В некоторых отношениях мой труд мог бы приблизиться к научным запискам. Здесь я чувствую себя менее стесненным, касаясь вопроса, который мне довольно хорошо знаком. Но автор записок стремится что-нибудь доказать. То, что он хочет доказать, уже сложилось в его мыслях в тот момент, когда он берется за перо. Вследствие этого он не бывает вынужден представлять факты в той именно последовательности, в какой они проходили перед ним в действительности (начиная с первых наблюдений, первоначальных опытов, отрывочных или неудачных). Он переставляет и ориентирует их для целей своего доказательства. В сущности, главную работу он уже сделал для себя заранее. И мы узнаем о ней только то, что он захочет показать. Его записки – это лишь ознакомительная работа, иногда даже замаскированная полемика для целей исключительно внешних.
У меня дело обстоит иначе: я не подготовил заранее результата моих размышлений.

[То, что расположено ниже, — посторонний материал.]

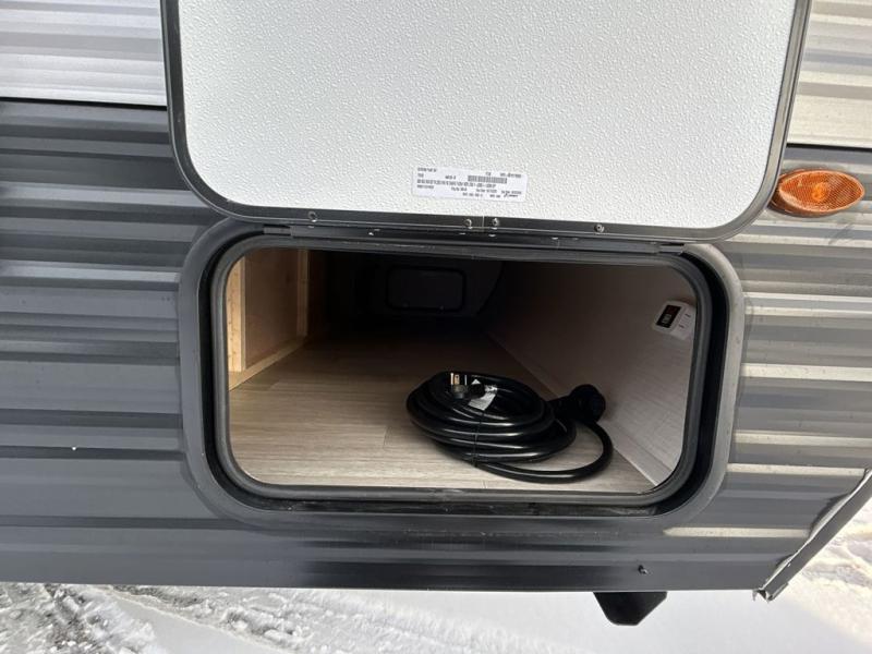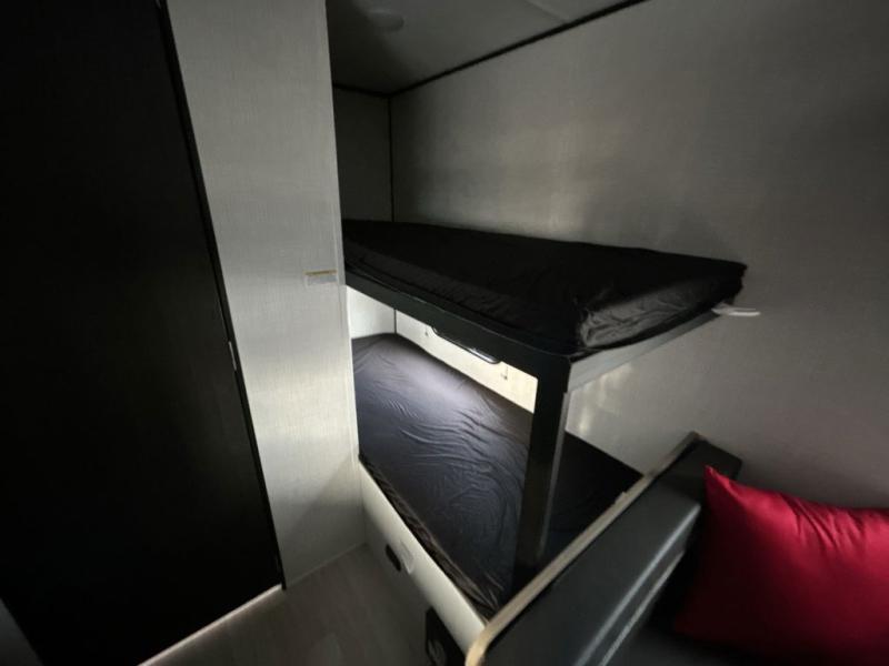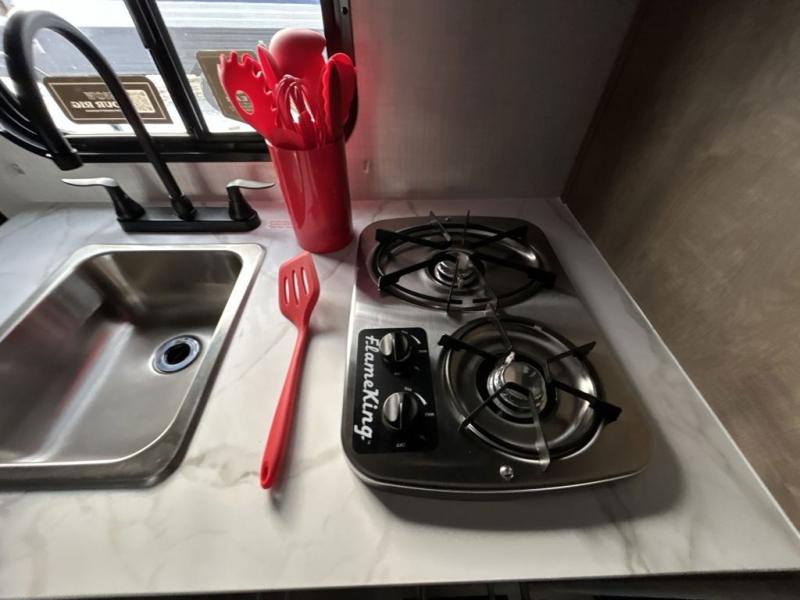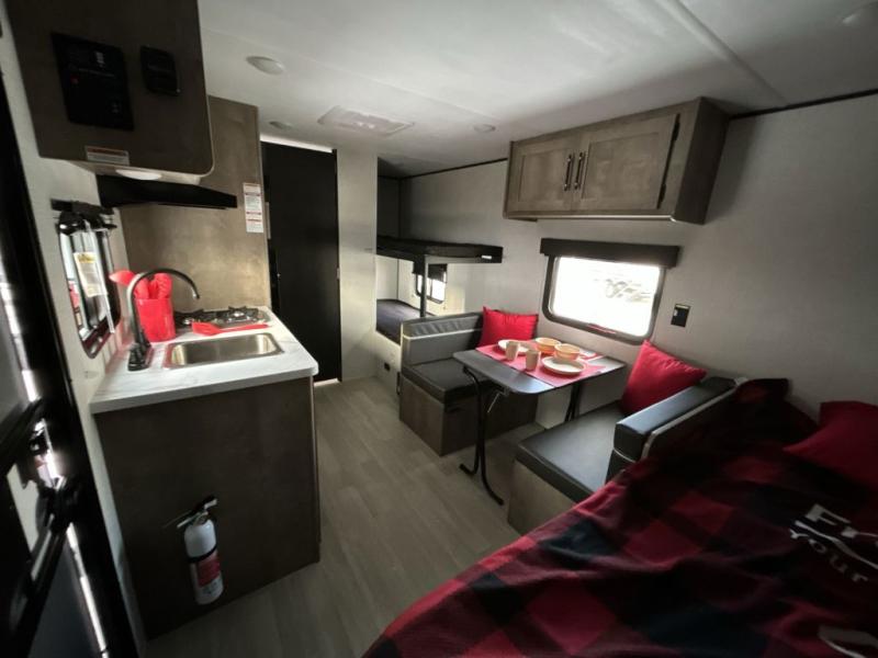 This travel trailer with rear corner bunk beds is sure to be a hit at the campground! While your guests or little ones take the bunks, you can enjoy the front Olympic RV queen bed to yourselves. There is even storage under the bed, an overhead shelf, and a wardrobe for your things. The chef of your group can whip up meals on the two-burner cooktop or in the microwave oven, and there is a 3.3 cu. ft. 12V refrigerator to keep food fresh. A booth dinette provides a place to dine together, or you can take your plate outdoors to sit under the 8' power awning with LED lights!

Если бы этот результат был налицо, вопрос можно было бы считать решенным. В данный момент как раз только и начинается моя настоящая работа.

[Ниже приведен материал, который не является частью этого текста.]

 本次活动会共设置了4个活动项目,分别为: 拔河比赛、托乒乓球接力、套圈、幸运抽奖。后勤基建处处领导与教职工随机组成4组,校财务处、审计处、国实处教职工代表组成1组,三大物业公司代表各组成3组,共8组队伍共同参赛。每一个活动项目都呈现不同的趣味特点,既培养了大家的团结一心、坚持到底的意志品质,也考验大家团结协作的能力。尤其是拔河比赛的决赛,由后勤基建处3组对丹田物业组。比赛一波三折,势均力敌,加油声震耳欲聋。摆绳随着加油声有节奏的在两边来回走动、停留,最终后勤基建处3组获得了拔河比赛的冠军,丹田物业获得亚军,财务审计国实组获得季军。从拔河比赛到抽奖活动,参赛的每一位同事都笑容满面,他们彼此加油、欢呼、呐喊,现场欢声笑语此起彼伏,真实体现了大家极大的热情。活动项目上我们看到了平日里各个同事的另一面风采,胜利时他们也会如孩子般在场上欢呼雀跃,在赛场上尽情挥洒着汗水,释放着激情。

Я тем более не желаю убеждать кого бы то ни было. Поэтому у меня нет намерения приводить в распоряжение других аппарат доказательств. Если мне придется настаивать на каком-нибудь факте, спорить о нем и комментировать его, то это будет сделано исключительно для меня самого, чтобы представить себе этот факт в более ярком свете.
Наконец, я вовсе не хочу обманывать себя самого. Упомянутые события, по своей природе, по тому, как они в свое время протекали, и по тем средствам, которые в данный момент находятся в моем распоряжении, чтобы прояснить их, по совести говоря, никогда не смогут облечься в парадную форму, требующуюся для научного произведения. И если бы я захотел насильно напялить на них эту форму, то это было бы только фокусничеством. Но не для того я отказываюсь играть в романиста, чтобы изобразить собой ученого.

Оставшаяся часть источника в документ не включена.